R3 <- matrix(c(1, 0.8, 0.8, 0.8,
              0.8, 1, 0.8, 0.8,
              0.8 ,0.8, 1, 0.8,
              0.8, 0.8, 0.8, 1), 
            nrow = 4, ncol = 4)

R4 <- matrix(c(1, 0.99, 0.99, 0.99,
              0.99, 1, 0.99, 0.99,
              0.99 ,0.99, 1, 0.99,
              0.99, 0.99, 0.99, 1), 
            nrow = 4, ncol = 4)

Let us assume that we are interested in mean differences between two latent factors where the means of the indicators differ by 0.2. For simplicity, we assume means for each normally-distributed indicator in group 1 are zero, i.e., \(Mean_{x_i} = 0\) with \(SD_{x_i} = 1\) and in group 2 \(Mean_{x_i} = 0.2\) with \(SD_{x_i} = 1\).

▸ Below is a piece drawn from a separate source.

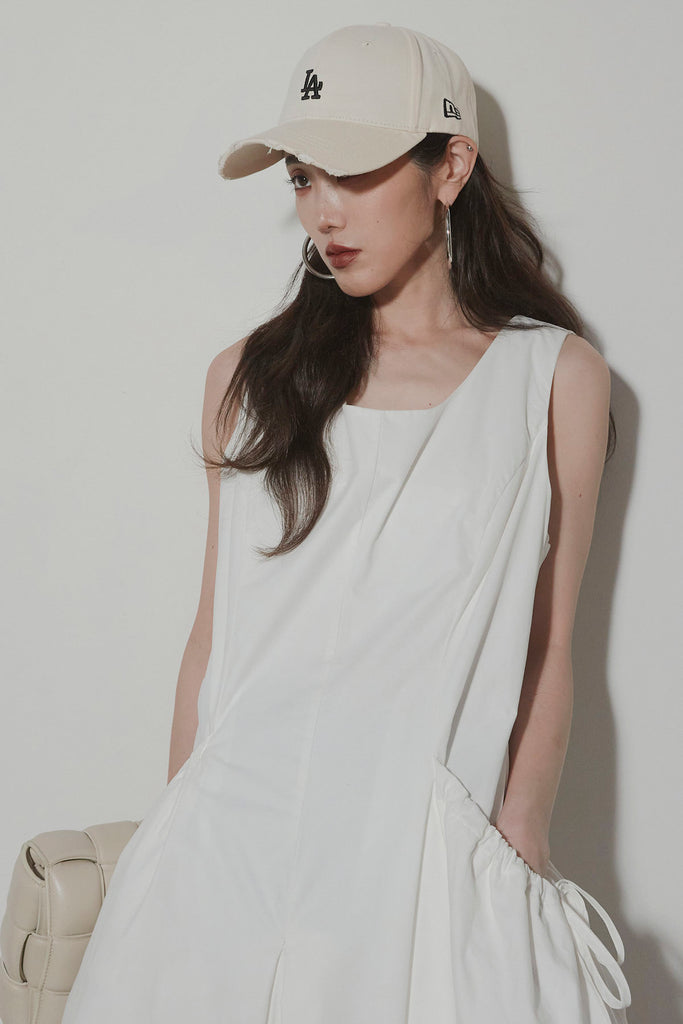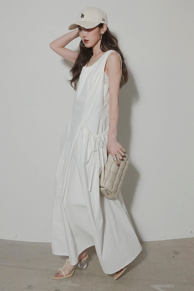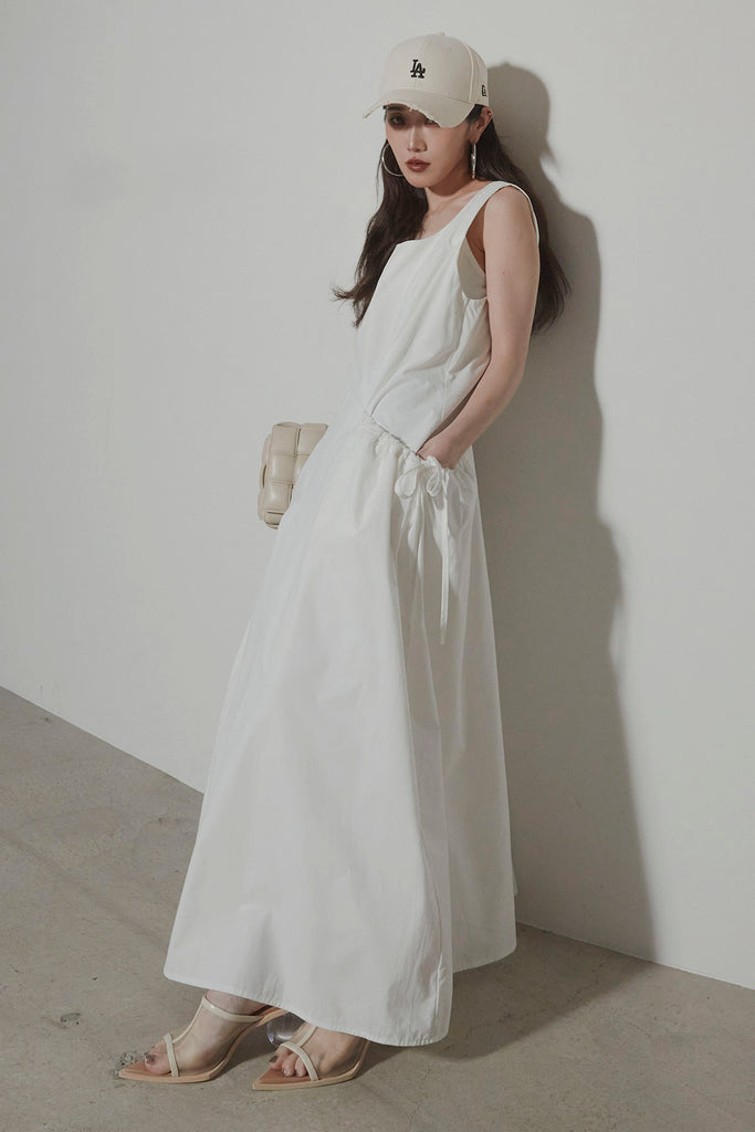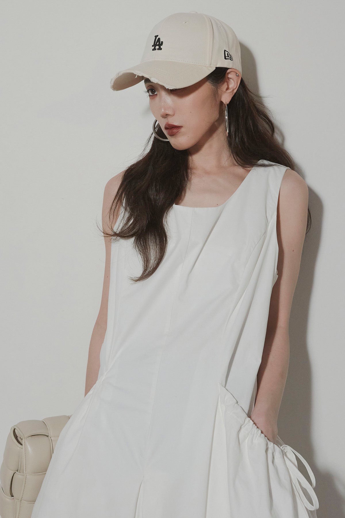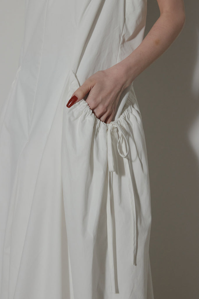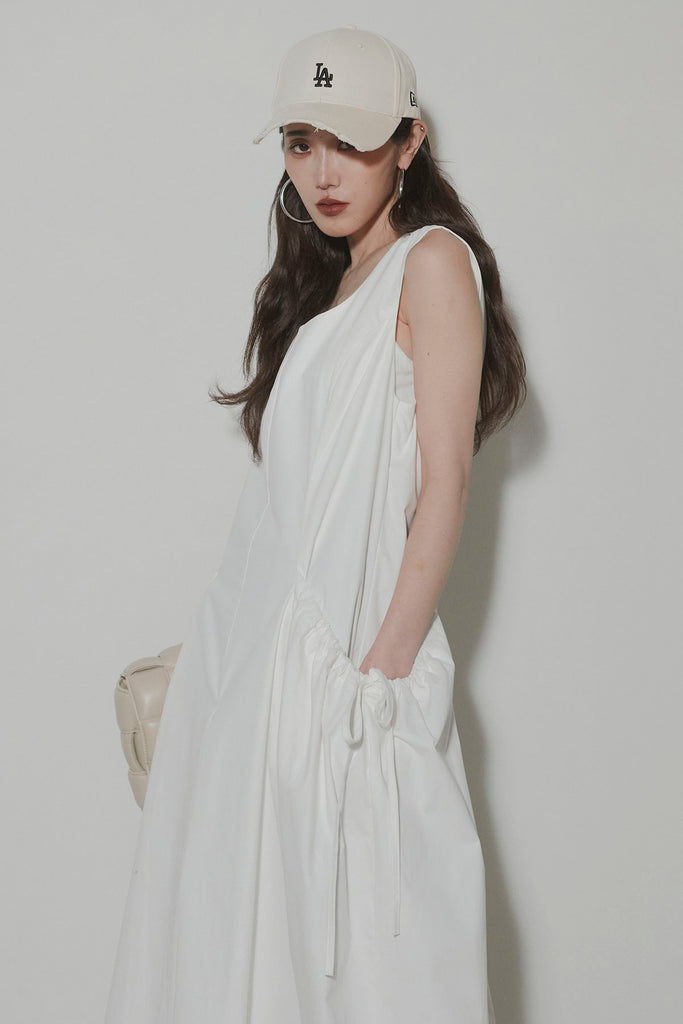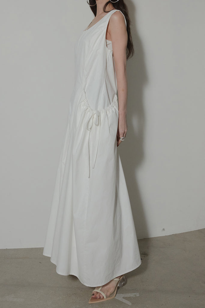サイドのドローストリングが特徴的なノースリーブワンピース。 絞り具合でシルエットに変化をつけられ、立体感のあるフォルムを楽しめます。 軽やかな素材感とミニマルなデザインが、夏のスタイルにぴったりの一着です。

Using the function rmvnorm from the R-package mvtnorm we generate two data sets for the two groups that we observe. We tell rmvnorm to generate a data set with 10000 cases, set the mean of each of the four variables to either 0 or 0.2 and use the covariance matrix, i.e., sigma = R that we just set up.

set.seed(1895)
test_norm_25_1 <- as.data.frame(mvtnorm::rmvnorm(10000, mean = c(0,0,0,0), sigma = R1))
test_norm_25_2 <- as.data.frame(mvtnorm::rmvnorm(10000, mean = c(0.2,0.2,0.2,0.2), sigma = R1))
test_norm_50_1 <- as.data.frame(mvtnorm::rmvnorm(10000, mean = c(0,0,0,0), sigma = R2))
test_norm_50_2 <- as.data.frame(mvtnorm::rmvnorm(10000, mean = c(0.2,0.2,0.2,0.2), sigma = R2))
test_norm_80_1 <- as.data.frame(mvtnorm::rmvnorm(10000, mean = c(0,0,0,0), sigma = R3))
test_norm_80_2 <- as.data.frame(mvtnorm::rmvnorm(10000, mean = c(0.2,0.2,0.2,0.2), sigma = R3))
test_norm_99_1 <- as.data.frame(mvtnorm::rmvnorm(10000, mean = c(0,0,0,0), sigma = R4))
test_norm_99_2 <- as.data.frame(mvtnorm::rmvnorm(10000, mean = c(0.2,0.2,0.2,0.2), sigma = R4))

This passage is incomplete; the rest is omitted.